• _How to complete this task_
The full listing is to be transcribed exactly, with each picture left out.
BEGIN
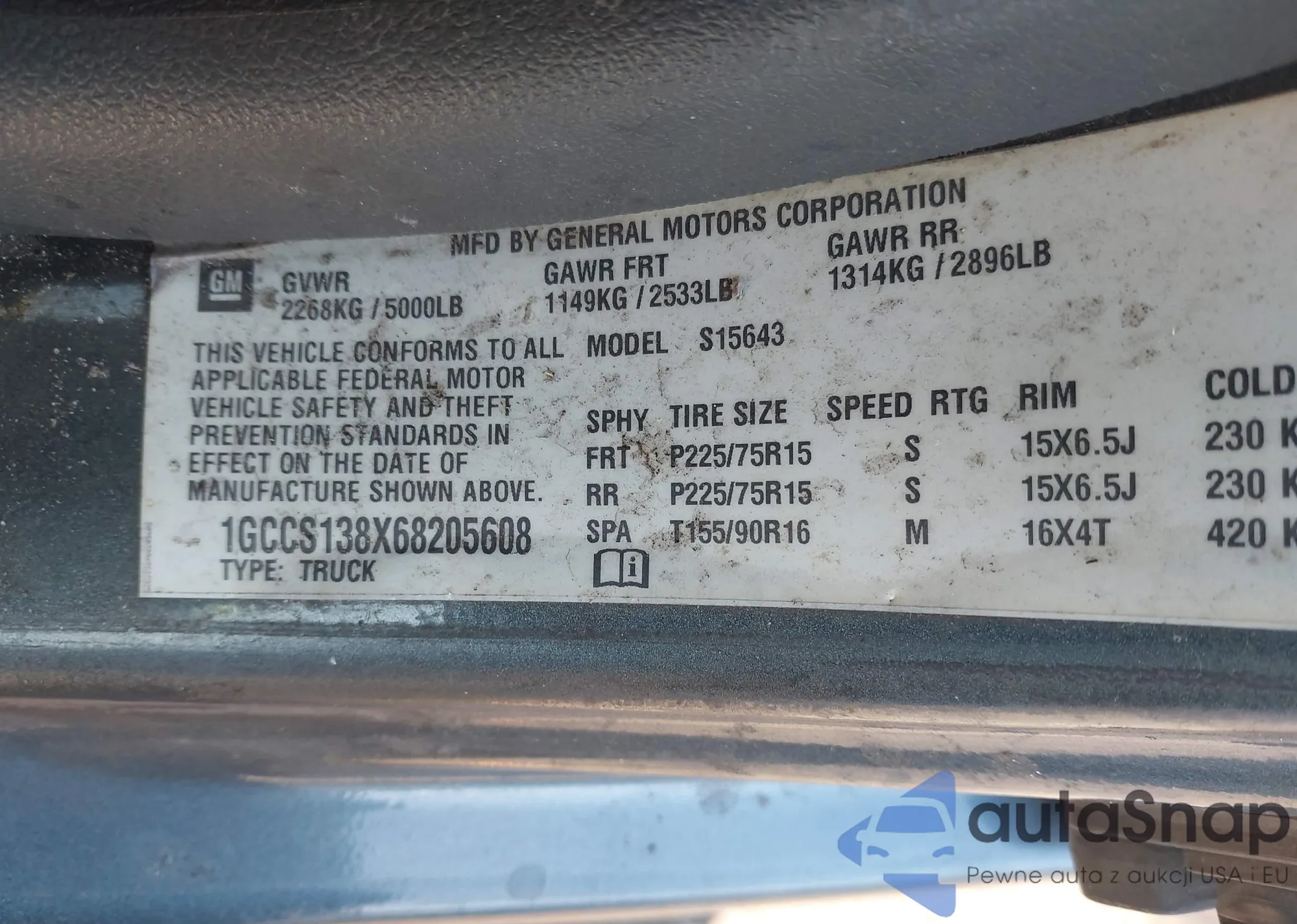 • VIN 1GCCS138X68205608
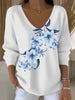 Damski temperament niebieski duży kwiat haftowany czysty biały sweter z dekoltem w szpic
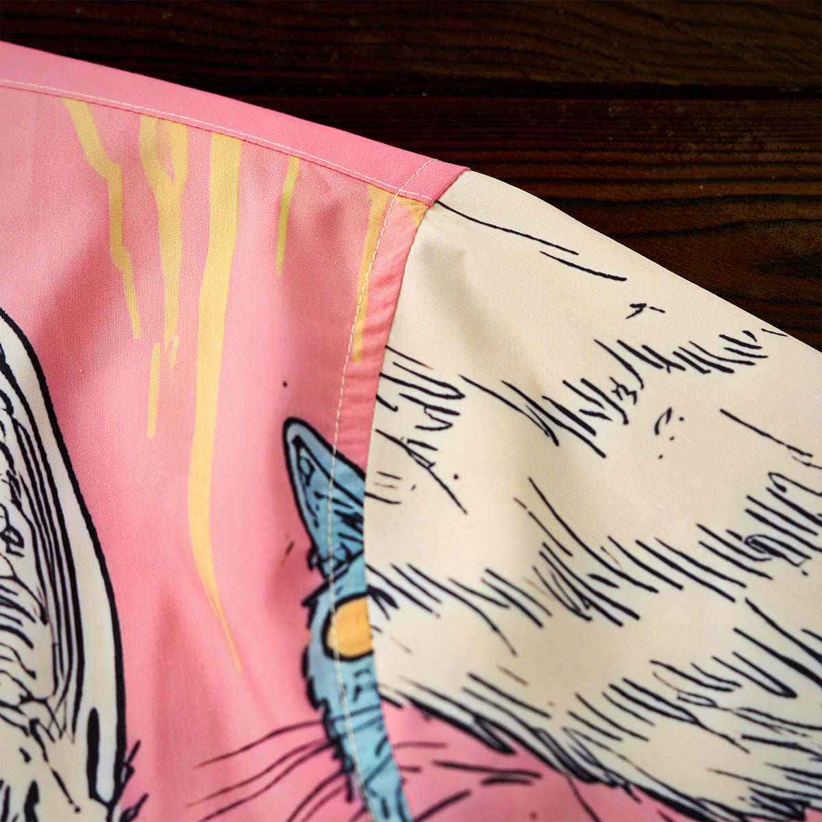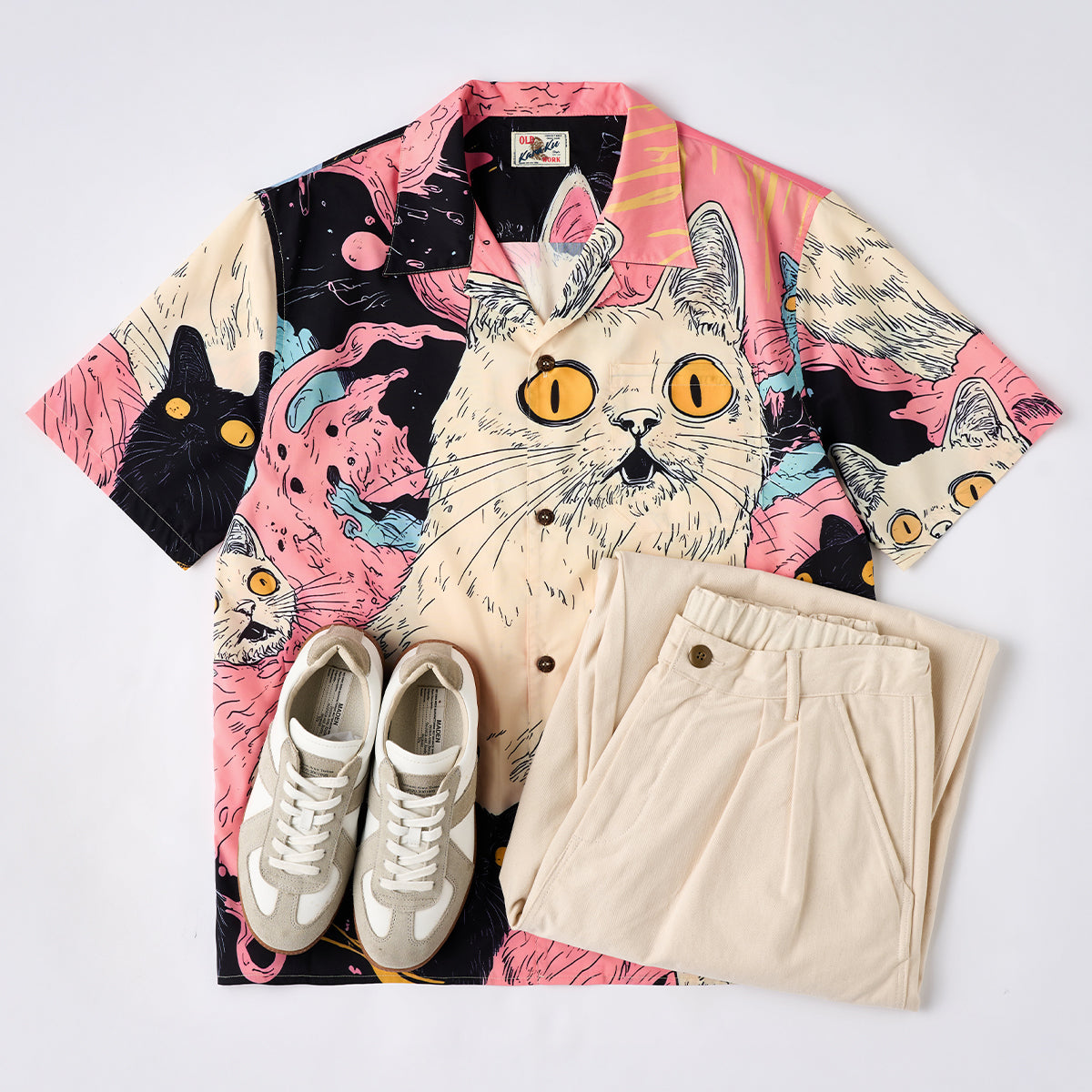 ピンク系の絞り染めグラデーションが目を惹く、幻想的なグラデーションの中に隠れたデザイン性がある。カラーが強く出すぎないように同系色で纏め、コーディネートに取り入れやすい。
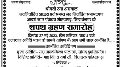 27 मई शनिवार शाम 4 बजे से शोहरतगढ़ नगर पंचायत में आयोजित होगा शपथग्रहण समारोह : ईओ नवीन कुमार सिंह। एसडीएम उत्कर्ष श्रीवास्तव नव निर्वाचित अध्यक्ष ऊमा अग्रवाल एवं पंद्रह सभासदों को दिलाएंगे संविधान की शपथ।
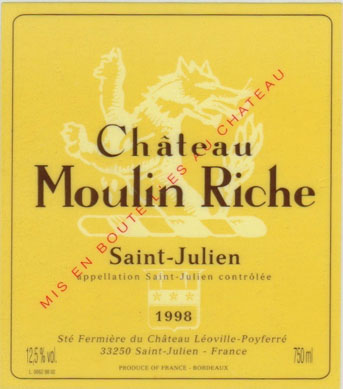 - 『シャトー・ムーラン・リッシェ』は、ボルドー地方メドック地区サンジュリアン村の産で、シャトー・レオヴィル・ポワフェレのセカンド・ラベルのワインです。シャトーのオーナーより、シャトーの蔵から直接出庫されたことを証明する認定書が付されています。
END
• _Output for this exercise_
 • VIN 1GCCS138X68205608
 Damski temperament niebieski duży kwiat haftowany czysty biały sweter z dekoltem w szpic
 ピンク系の絞り染めグラデーションが目を惹く、幻想的なグラデーションの中に隠れたデザイン性がある。カラーが強く出すぎないように同系色で纏め、コーディネートに取り入れやすい。
 27 मई शनिवार शाम 4 बजे से शोहरतगढ़ नगर पंचायत में आयोजित होगा शपथग्रहण समारोह : ईओ नवीन कुमार सिंह। एसडीएम उत्कर्ष श्रीवास्तव नव निर्वाचित अध्यक्ष ऊमा अग्रवाल एवं पंद्रह सभासदों को दिलाएंगे संविधान की शपथ।
 - 『シャトー・ムーラン・リッシェ』は、ボルドー地方メドック地区サンジュリアン村の産で、シャトー・レオヴィル・ポワフェレのセカンド・ラベルのワインです。シャトーのオーナーより、シャトーの蔵から直接出庫されたことを証明する認定書が付されています。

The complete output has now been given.